Nos bastidores, o governo temia a repercussão negativa do bloqueio às vésperas do segundo turno das eleições presidenciais e agiu para esvaziar possíveis protestos que pudessem impactar na imagem do presidente Jair Bolsonaro. Contrariando o que é feito usualmente, o Ministério da Economia não detalhou o bloqueio, depois de ele ser anunciado na semana passada, temendo impactos negativos na campanha à reeleição.

Alunos da Universidade Federal da Bahia, em Salvador, já haviam se manifestaram contra os bloqueios, na quinta-feira. O Nordeste é a região onde o ex-presidente Lula ficou à frente de Bolsonaro no primeiro turno, e o presidente quer reverter essa vantagem. Novos protestos, em outras universidades, eram organizados pelo país, antes do anúncio de ontem do o ministro.

Na véspera do recuo, Godoy havia afirmado que não haveria perdas de recursos, apenas uma "limitação na movimentação financeira". O ministro também disse que havia uso político nas críticas ao bloqueio, com a distorção das informações, para se disseminar que estaria havendo um corte do orçamento, o que negou. Na mesma conversa com jornalistas em que defendeu o bloqueio, Godoy havia rejeitado a possibilidade de que as universidades parassem por falta de dinheiro.

Em nota, o Conselho Nacional das Instituições da Rede Federal de Educação Profissional, Científica e Tecnológica (Conif ) informou que recebeu a notícia do desbloqueio do empenho pelas redes sociais, sem ter havido comunicação oficial do MEC. "Aguardamos a liberação via Siafi — módulo gestor do orçamento das instituições — para a confirmação da informação", diz o texto, referindose ao Sistema Integrado de Administração Financeira do Governo Federal.

Ainda falta

A liberação não resolve os problemas financeiros das universidades e colégios federais, pelos cálculos dos dirigentes destas instituições. Em junho, o MEC já tinha cortado R$ 437 milhões das instituições de ensino superior e R$ 184 milhões das unidades de educação básica. Além disso, o orçamento de gastos discricionários de 2022 (R$ 5,1 bilhões) é 26% menor do que o de 2019 (R$ 6,9 bilhões).

A UFRJ recuperou R$ 18 milhões que teriam sido bloqueados e agora possui R$ 18,6 milhões para o custeio. Mas o custo total por mês com essa despesa é de R$ 24 milhões.

— Ainda não fomos informados oficialmente do desbloqueio. Caso ele se concretize integralmente, diminui bastante o risco de paralisação do semestre neste ano. Acredito que teremos problemas em alguns contratos, por conta do corte de R$ 23 milhões no primeiro semestre. Mas algo generalizado, creio que evitaremos — afirmou Eduardo Raupp, pró-reitor de Planejamento, Desenvolvimento e Finanças da UFRJ.

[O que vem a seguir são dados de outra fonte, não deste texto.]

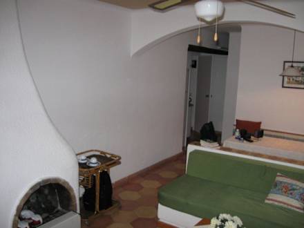 Kamin und Blick auf Küche

A Associação Nacional dos Dirigentes das Instituições de Ensino Superior informou que se posicionará quando as instituições forem informadas oficialmente do desbloqueio, o que só deve acontecer na segunda-feira. Na quinta-feira, o presidente da associação, Ricardo Fonseca, havia dito que as universidades teriam problema em se manterem abertas.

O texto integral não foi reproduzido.